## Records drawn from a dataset
^^^^^^^^^^^^^^^^

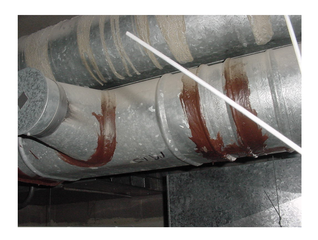
Room 101 – red/brown duct caulk
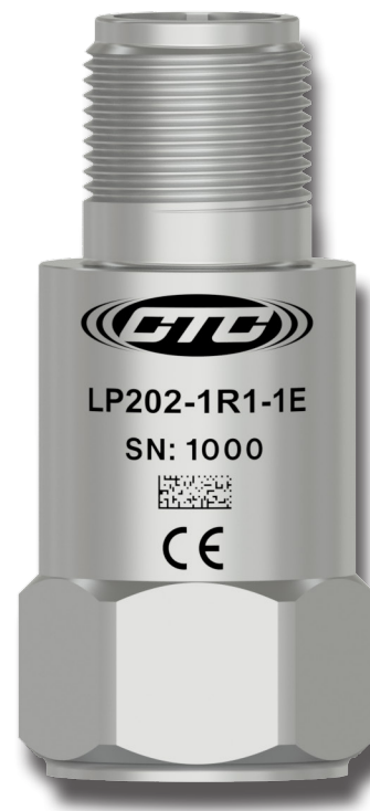
LP202-1R1-1E 4-20 mA Output Accelerometer
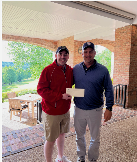
12th ANNUAL GOLF TOURNAMENT
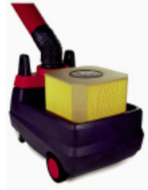
LongLife® Filter inside of unit
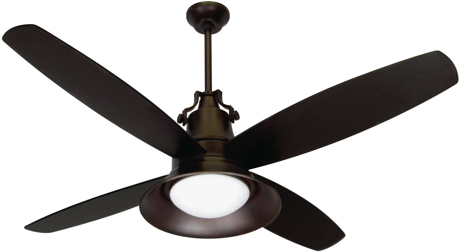
Oiled Bronze Gilded Union with 52" Outdoor Custom Oiled Bronze Blades and Integrated Light Kit Model . . . UN520BG4 Blade . . . Included Light . . . Integrated
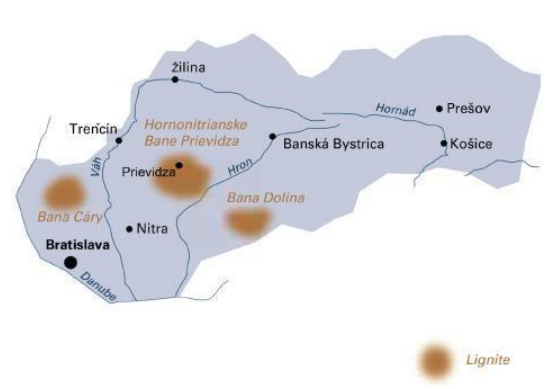
Figure 4: Slovak lignite regions Source: Euracol (2019) Slovakia

The Horná Nitra region, including the district Prievidza, is the country's main lignite basin and part of the administrative region of Trenčín. Trenčín has 592,400 inhabitants, representing 9% of the country total. The industrial sector provides almost 50% of the jobs in the Trenčín region. Unemployment has been declining due to the arrival of new multinational investors in the region and was 6.1% in 2017, which is below the national and the European average. <sup>58</sup>
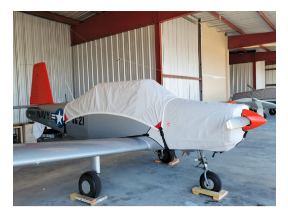
Varga Kachina Canopy & Engine Covers

This cover type is made from Silver Acrylic Sunbrella canvas and is 100% lined with a soft and smooth microfiber. Bruce's Custom Covers developed this material combination especially for aircraft protection. The outer material is medium weight and treated for water resistance, UV resistance and anti-static buildup. The inner lining is a very soft and smooth microfiber to prevent scratching. The material is very reflective, and tests show that the cabin interior temperature can be reduced to near-ambient temperature on the hottest of days. It is water, ice and snow repellent, yet breathable to allow moisture to escape from between the cover and the aircraft surface.
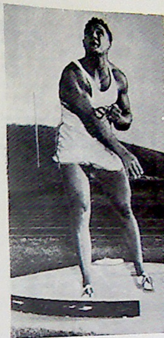
ATHLETICS ARE IMPORTANT —Athletics are enjoyed by millions of secondary and university school students. Many athletes like Parry O'Brien (above) who holds the all-comers shot-put record for Ghana continue to participate after their scholastic days.
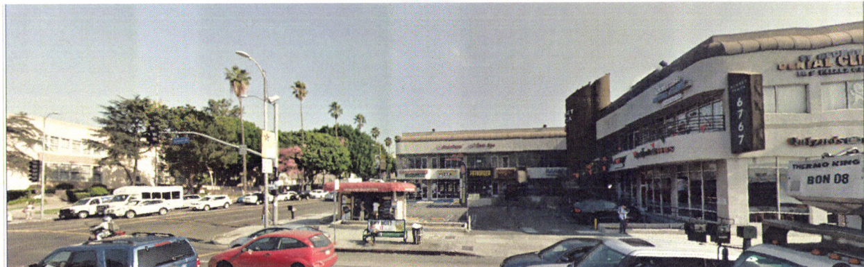
Photograph 24: View of Northeast corner of Sunset Boulevard and Highland Avenue
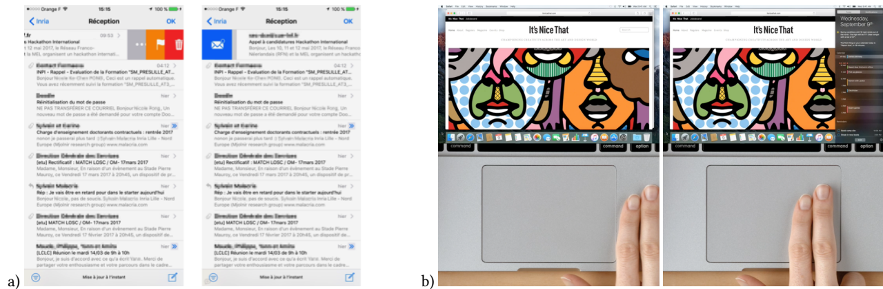
FIGURE 1: Hidden controls. a) Performing an horizontal swipe gesture from the edge of the display in iOS Mail reveals hidden buttons. b) Under macOS X, a two-finger leftward swipe gesture from the right edge of the touchpad reveals the “Notification center”, a hidden information panel disclosed from the right side of the screen.

Nicole Ke Chen Pong Inria Lille Nord-Europe 40 Avenue du Halley 59650, Villeneuve-d'Ascq, France nicole.pong@inria.fr

^^^^^^^^^^^^^^^^

## WHAT IS EXPECTED
For the records above, output each one exactly and skip any image.

## SOLUTION FOR THIS PROBLEM
Room 101 – red/brown duct caulk
LP202-1R1-1E 4-20 mA Output Accelerometer
12th ANNUAL GOLF TOURNAMENT
LongLife® Filter inside of unit
Oiled Bronze Gilded Union with 52" Outdoor Custom Oiled Bronze Blades and Integrated Light Kit Model . . . UN520BG4 Blade . . . Included Light . . . Integrated
Figure 4: Slovak lignite regions Source: Euracol (2019) Slovakia

The Horná Nitra region, including the district Prievidza, is the country's main lignite basin and part of the administrative region of Trenčín. Trenčín has 592,400 inhabitants, representing 9% of the country total. The industrial sector provides almost 50% of the jobs in the Trenčín region. Unemployment has been declining due to the arrival of new multinational investors in the region and was 6.1% in 2017, which is below the national and the European average. <sup>58</sup>
Varga Kachina Canopy & Engine Covers

This cover type is made from Silver Acrylic Sunbrella canvas and is 100% lined with a soft and smooth microfiber. Bruce's Custom Covers developed this material combination especially for aircraft protection. The outer material is medium weight and treated for water resistance, UV resistance and anti-static buildup. The inner lining is a very soft and smooth microfiber to prevent scratching. The material is very reflective, and tests show that the cabin interior temperature can be reduced to near-ambient temperature on the hottest of days. It is water, ice and snow repellent, yet breathable to allow moisture to escape from between the cover and the aircraft surface.
ATHLETICS ARE IMPORTANT —Athletics are enjoyed by millions of secondary and university school students. Many athletes like Parry O'Brien (above) who holds the all-comers shot-put record for Ghana continue to participate after their scholastic days.
Photograph 24: View of Northeast corner of Sunset Boulevard and Highland Avenue
FIGURE 1: Hidden controls. a) Performing an horizontal swipe gesture from the edge of the display in iOS Mail reveals hidden buttons. b) Under macOS X, a two-finger leftward swipe gesture from the right edge of the touchpad reveals the “Notification center”, a hidden information panel disclosed from the right side of the screen.

Nicole Ke Chen Pong Inria Lille Nord-Europe 40 Avenue du Halley 59650, Villeneuve-d'Ascq, France nicole.pong@inria.fr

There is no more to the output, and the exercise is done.